Author: Dr Sven Buder (sven.buder@anu.edu.au)

based on Viviana Acquaviva's notebooks and the scikit learn tutorial:  
https://ogrisel.github.io/scikit-learn.org/sklearn-tutorial/tutorial/astronomy/dimensionality_reduction.html#sdss-spectral-data


In [None]:
try:
    %matplotlib inline
    %config InlineBackend.figure_format='retina'
except:
    pass

import numpy as np
import matplotlib.pyplot as plt
import matplotlib
from matplotlib import patches
from sklearn import preprocessing, decomposition

# Make the size and fonts larger for this presentation
plt.rcParams['font.size'] = 15
plt.rcParams['legend.fontsize'] = 12

## Dimensionality reduction of galaxy spectra

### The data: 4000 spectra, 1000 features

In [None]:
data = np.load('data/spec4000_corrected.npz')

In [None]:
wavelengths = data['wavelengths']
X = data['X']
y = data['y']
labels = data['labels'].astype('str')

In [None]:
X.shape

In [None]:
y

In [None]:
# Let's plot a few spectra
plt.figure(figsize=(10,5))

for i_class in (2, 3, 4, 5, 6):
    i = np.where(y == i_class)[0][0]
    l = plt.plot(wavelengths, X[i] + 20 * i_class)
    c = l[0].get_color()
    plt.text(6800, 2 + 20 * i_class, labels[i_class], color=c)
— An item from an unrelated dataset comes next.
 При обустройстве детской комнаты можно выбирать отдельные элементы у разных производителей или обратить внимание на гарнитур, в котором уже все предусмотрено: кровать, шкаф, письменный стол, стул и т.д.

plt.subplots_adjust(hspace=0)
plt.xlabel('wavelength (Angstroms)')
plt.ylabel('flux + offset')
plt.title('Sample of Spectra');
plt.show()

### Let's throw a PCA onto it

In [None]:
#  Perform PCA

scaler = preprocessing.StandardScaler() #It's important that data are centered!

Xn = scaler.fit_transform(X) #This is a standardization procedure.
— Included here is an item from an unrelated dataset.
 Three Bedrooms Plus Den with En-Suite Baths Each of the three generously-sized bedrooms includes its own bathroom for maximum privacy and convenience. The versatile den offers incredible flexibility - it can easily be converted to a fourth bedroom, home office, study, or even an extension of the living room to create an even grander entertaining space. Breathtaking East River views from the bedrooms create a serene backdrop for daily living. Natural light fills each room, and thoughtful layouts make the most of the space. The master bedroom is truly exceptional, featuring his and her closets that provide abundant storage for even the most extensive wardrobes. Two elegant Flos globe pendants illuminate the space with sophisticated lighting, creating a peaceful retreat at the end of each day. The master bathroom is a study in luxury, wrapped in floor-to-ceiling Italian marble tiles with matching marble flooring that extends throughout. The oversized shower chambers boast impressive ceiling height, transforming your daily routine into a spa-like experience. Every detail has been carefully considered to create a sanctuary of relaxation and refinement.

pca_1 = decomposition.PCA(n_components=1, random_state=0)

pca_2 = decomposition.PCA(n_components=2, random_state=0)

pca_5 = decomposition.PCA(n_components=5, random_state=0)

pca_50 = decomposition.PCA(n_components=50, random_state=0)

pca_100 = decomposition.PCA(n_components=100, random_state=0)

pca_1000 = decomposition.PCA(n_components=1000, random_state=0)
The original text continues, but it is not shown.